* **HOW TO COMPLETE THIS TASK**:
Print exactly the lines that run from the one containing "3. The leather" to the final line of the data, both included, and print none of the pictures.

Stored dataset items:
=== Begin Enclosure ===
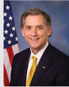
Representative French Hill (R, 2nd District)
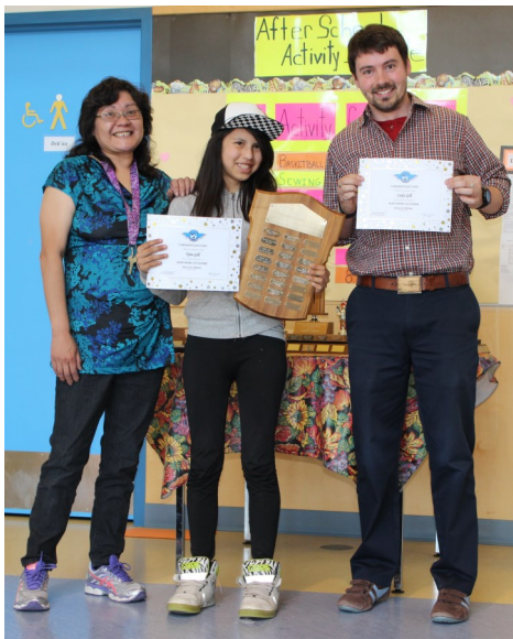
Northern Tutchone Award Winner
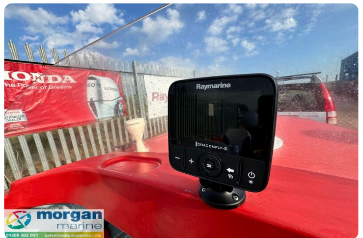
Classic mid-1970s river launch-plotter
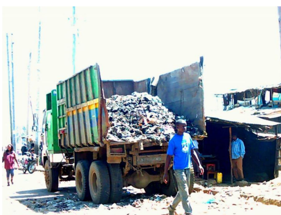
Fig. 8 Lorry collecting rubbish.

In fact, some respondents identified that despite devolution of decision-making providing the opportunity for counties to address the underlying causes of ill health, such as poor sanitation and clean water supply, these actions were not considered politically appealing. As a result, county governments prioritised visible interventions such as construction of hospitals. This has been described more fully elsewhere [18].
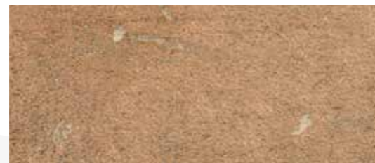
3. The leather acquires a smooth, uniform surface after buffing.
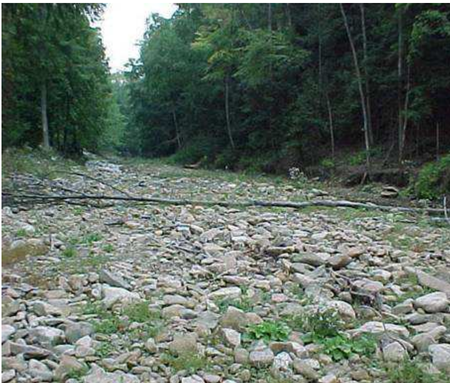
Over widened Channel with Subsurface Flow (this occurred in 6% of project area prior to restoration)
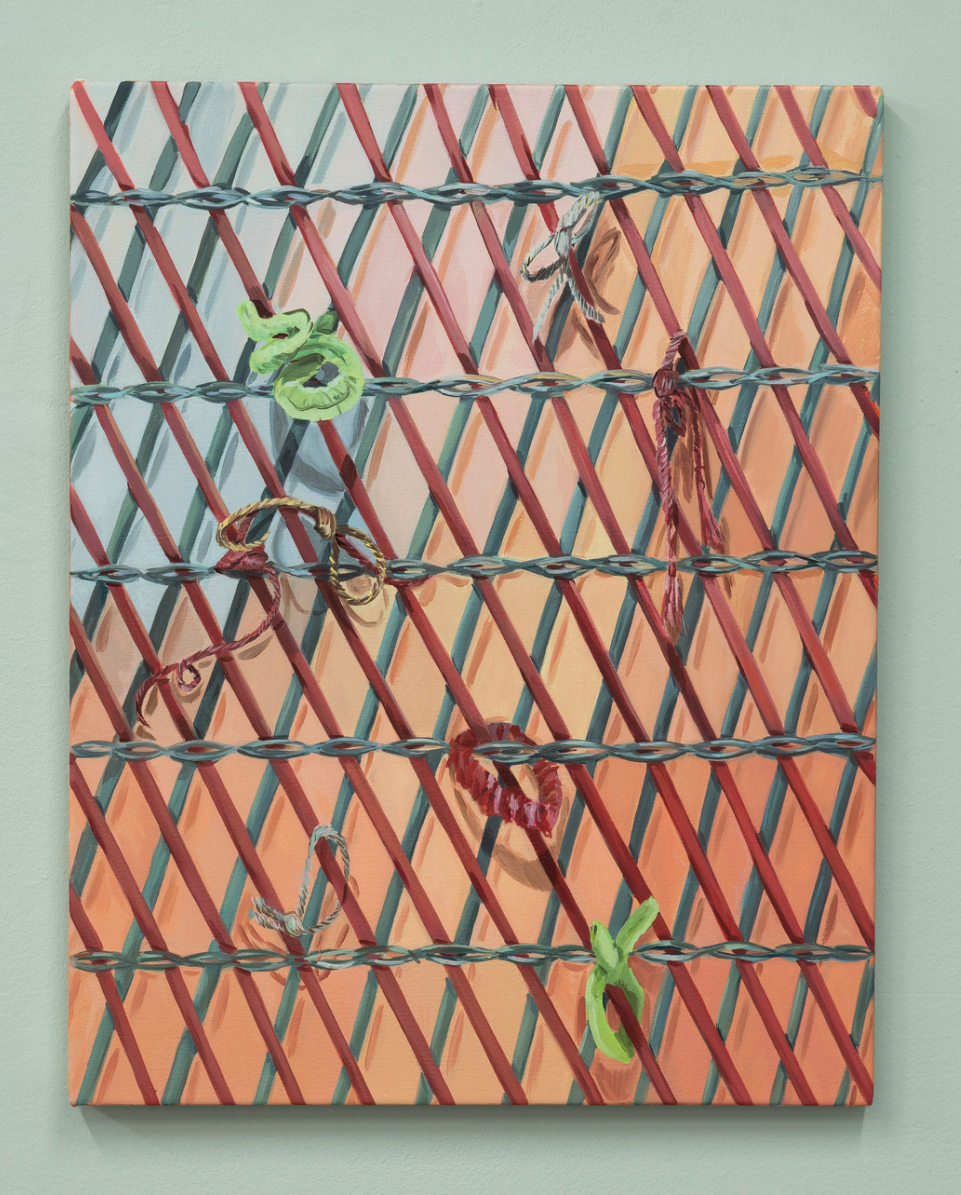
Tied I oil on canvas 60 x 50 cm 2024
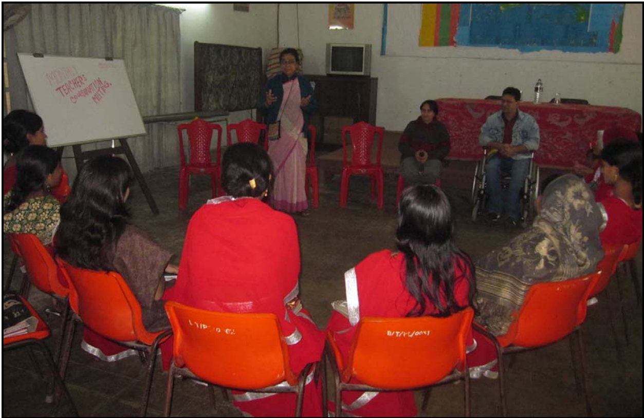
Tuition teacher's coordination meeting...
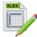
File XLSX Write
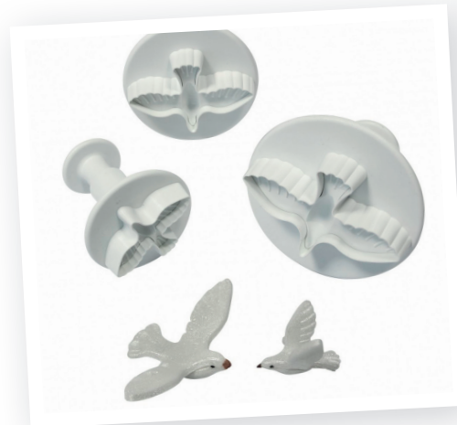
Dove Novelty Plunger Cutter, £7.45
=== End Enclosure ===
* **TASK OUTPUT**:
3. The leather acquires a smooth, uniform surface after buffing.
Over widened Channel with Subsurface Flow (this occurred in 6% of project area prior to restoration)
Tied I oil on canvas 60 x 50 cm 2024
Tuition teacher's coordination meeting...
File XLSX Write
Dove Novelty Plunger Cutter, £7.45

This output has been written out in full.